Based on published methodologies and manufacturer recommendations:

• Sample Preparation:

  • Use whole cell lysates (approximately 30 μg per lane)

  • For enhanced phospho-signal, compare asynchronous cells with cells arrested in mitosis (e.g., using nocodazole treatment)

• Gel Electrophoresis:

  • Use 4-8% SDS-PAGE for optimal separation of this high molecular weight protein (~215 kDa)

• Transfer and Blocking:

  • Transfer to nitrocellulose membrane

  • Block with appropriate blocking buffer (typically 5% BSA in TBST)

• Primary Antibody Incubation:

  • Dilute the Phospho-ANAPC1 (S355) antibody to 1:500-1:1000

  • Incubate overnight at 4°C

• Secondary Antibody and Detection:

  • Use anti-rabbit secondary antibody (e.g., 1:10,000 dilution of IRDye800 conjugated Gt-a-Rabbit IgG)

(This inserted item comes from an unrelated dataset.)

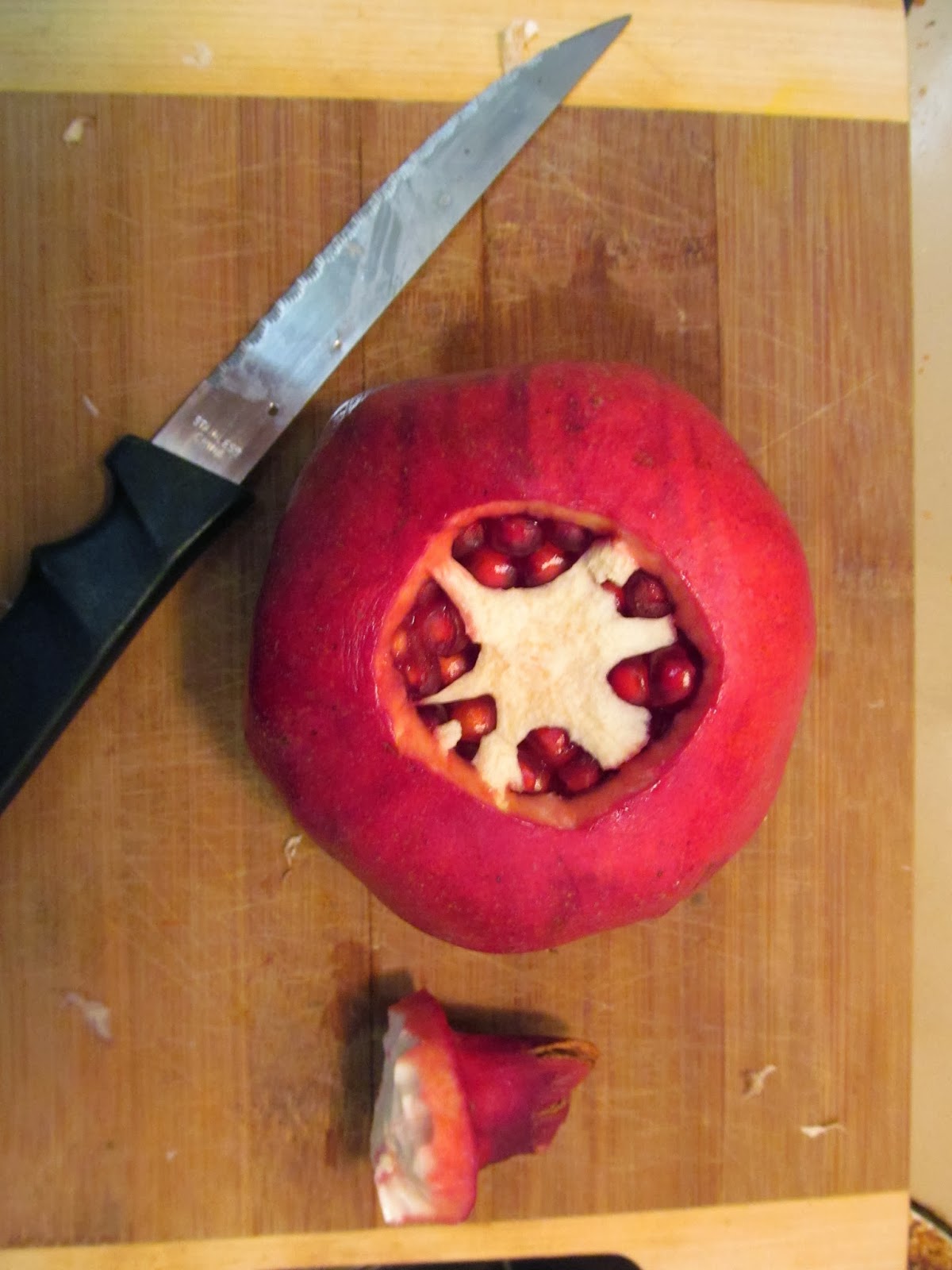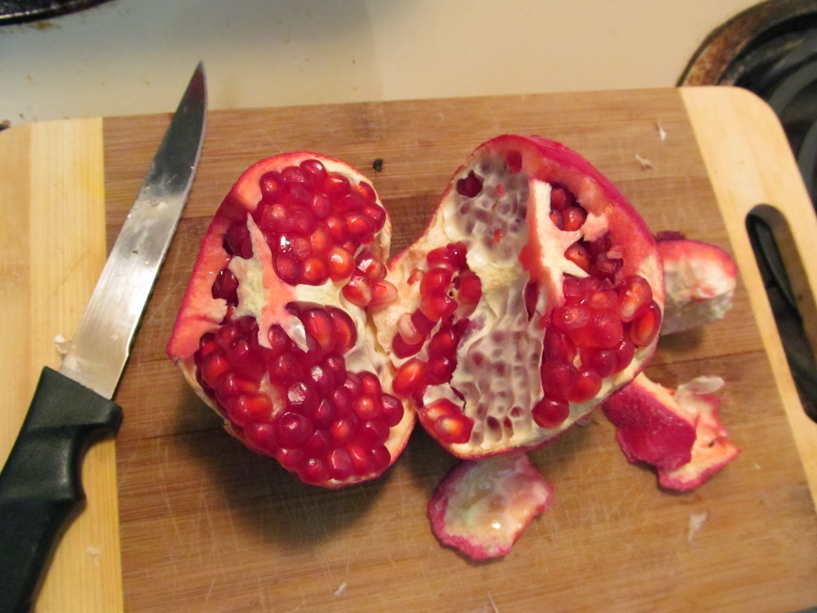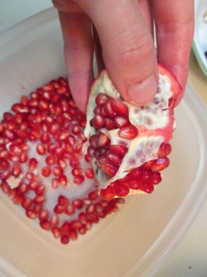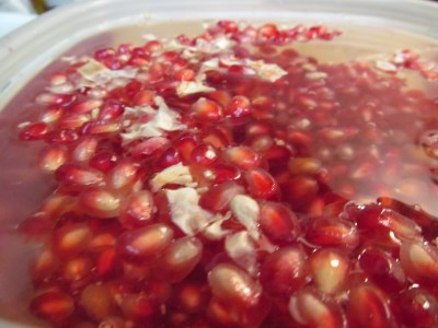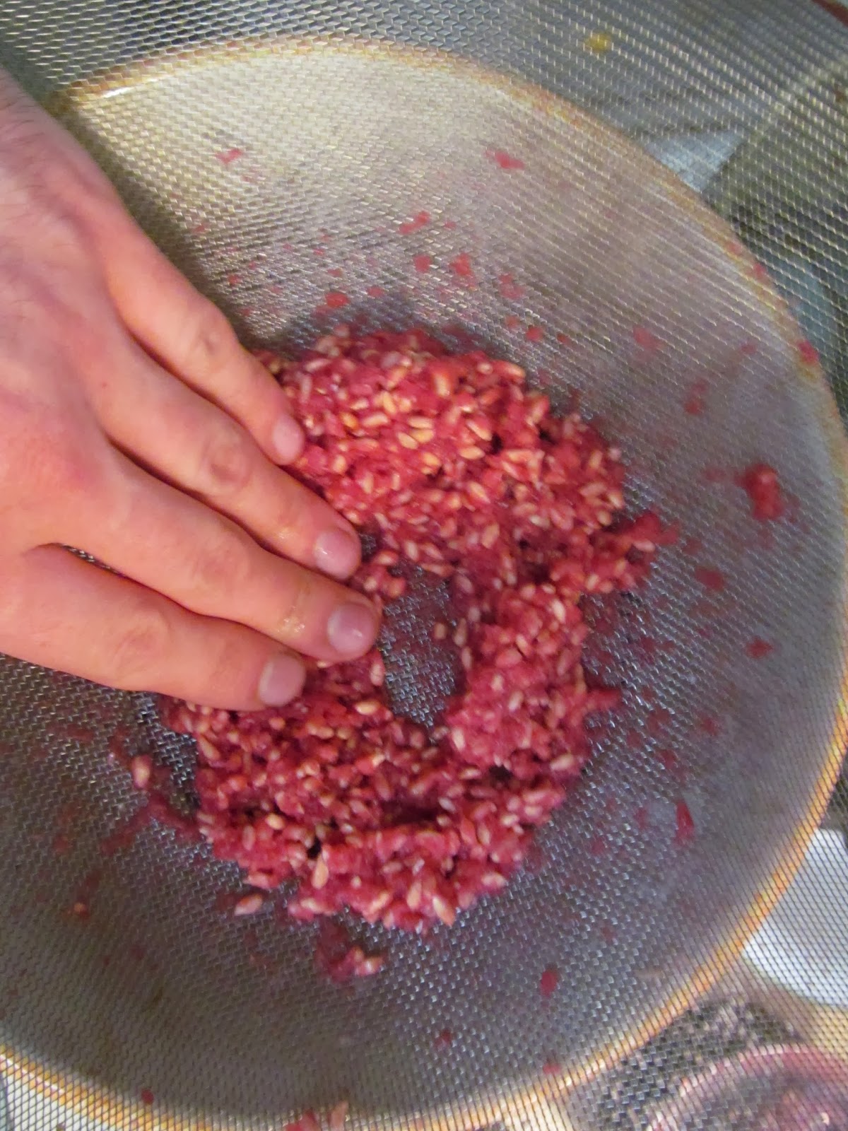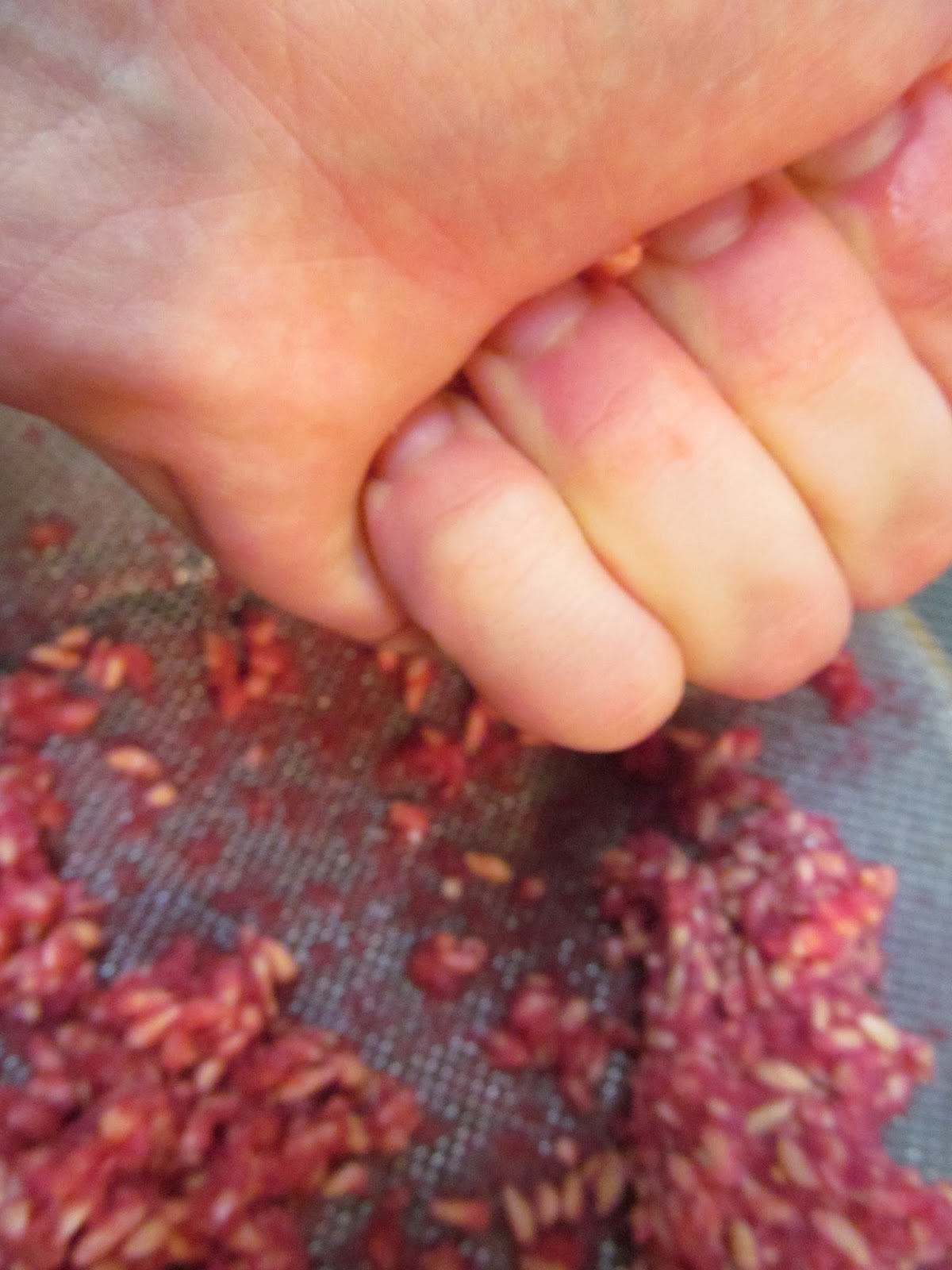 • Separate the stringy innards from the squash seeds and rinse thoroughly

  • Incubate for 45 minutes at room temperature

  • Visualization can be performed using fluorescent imaging systems or standard chemiluminescence

This protocol has been successfully employed to detect the ~215 kDa band corresponding to phosphorylated human APC1, with increased signal intensity in mitotically arrested cells .

How should researchers prepare tissue samples for immunohistochemistry with this antibody?

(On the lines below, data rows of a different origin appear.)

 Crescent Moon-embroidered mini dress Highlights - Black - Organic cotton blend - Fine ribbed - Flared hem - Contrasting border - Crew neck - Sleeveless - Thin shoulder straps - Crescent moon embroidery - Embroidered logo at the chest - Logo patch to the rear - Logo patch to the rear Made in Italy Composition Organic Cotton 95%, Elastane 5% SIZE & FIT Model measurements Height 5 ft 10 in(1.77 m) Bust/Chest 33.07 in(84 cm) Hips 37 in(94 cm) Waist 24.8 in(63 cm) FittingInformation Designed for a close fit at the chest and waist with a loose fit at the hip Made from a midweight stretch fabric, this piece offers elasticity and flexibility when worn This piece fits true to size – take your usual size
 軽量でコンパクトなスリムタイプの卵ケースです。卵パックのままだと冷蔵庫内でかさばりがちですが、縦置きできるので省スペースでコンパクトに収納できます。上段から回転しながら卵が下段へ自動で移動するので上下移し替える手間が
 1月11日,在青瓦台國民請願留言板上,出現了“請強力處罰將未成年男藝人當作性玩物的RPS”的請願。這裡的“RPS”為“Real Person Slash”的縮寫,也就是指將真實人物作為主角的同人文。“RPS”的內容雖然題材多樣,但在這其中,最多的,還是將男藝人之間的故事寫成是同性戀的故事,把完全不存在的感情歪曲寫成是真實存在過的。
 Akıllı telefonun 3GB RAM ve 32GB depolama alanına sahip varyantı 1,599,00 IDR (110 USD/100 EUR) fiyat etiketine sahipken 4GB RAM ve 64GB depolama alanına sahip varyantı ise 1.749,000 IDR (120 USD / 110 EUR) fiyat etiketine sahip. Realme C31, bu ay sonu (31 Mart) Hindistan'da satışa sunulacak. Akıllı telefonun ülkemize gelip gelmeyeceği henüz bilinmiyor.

For optimal IHC results with Phospho-ANAPC1 (S355) antibody:

• Tissue Fixation and Processing:

  • Use formalin-fixed, paraffin-embedded (FFPE) tissue sections

  • Standard 5 μm sections are recommended

• Antigen Retrieval:

  • Heat-induced epitope retrieval in citrate buffer (pH 6.0) or EDTA buffer (pH 8.0)

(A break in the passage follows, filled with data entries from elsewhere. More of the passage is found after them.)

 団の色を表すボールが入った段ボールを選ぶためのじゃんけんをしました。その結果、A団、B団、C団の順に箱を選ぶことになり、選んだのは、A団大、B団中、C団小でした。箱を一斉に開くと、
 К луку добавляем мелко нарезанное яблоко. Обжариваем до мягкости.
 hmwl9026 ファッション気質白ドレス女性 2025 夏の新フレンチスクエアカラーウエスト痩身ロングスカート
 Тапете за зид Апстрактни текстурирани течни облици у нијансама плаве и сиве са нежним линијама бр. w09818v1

  • Boil for 15-20 minutes followed by cooling to room temperature

• Blocking and Antibody Application:

  • Block with appropriate serum (e.g., 10% normal goat serum)

  • Apply Phospho-ANAPC1 (S355) antibody at 1:100-1:300 dilution

  • Incubate overnight at 4°C or 1-2 hours at room temperature

• Detection System:

  • Use biotin-streptavidin-HRP system or polymer-based detection systems

  • Develop with DAB (3,3'-diaminobenzidine) or other appropriate chromogen

  • Counterstain with hematoxylin

IHC studies have demonstrated moderate positive cytoplasmic and occasional nuclear staining in various tissue types, including pancreatic carcinoma cells .

How should researchers interpret Western blot results showing phosphorylated ANAPC1?

When interpreting Western blot results:

• Expected Band Size:

  • Look for a specific band at approximately 215 kDa, which corresponds to phosphorylated human APC1

• Signal Intensity Patterns:

  • Expect higher phosphorylation levels in mitotically arrested cells compared to asynchronous populations

  • Published data shows that while some phosphorylated APC1 is present in untreated cells, the amount of phosphorylated protein increases in cell preparations arrested in mitosis

• Controls to Include:

  • Positive control: Lysates from nocodazole-treated cells (mitotically arrested)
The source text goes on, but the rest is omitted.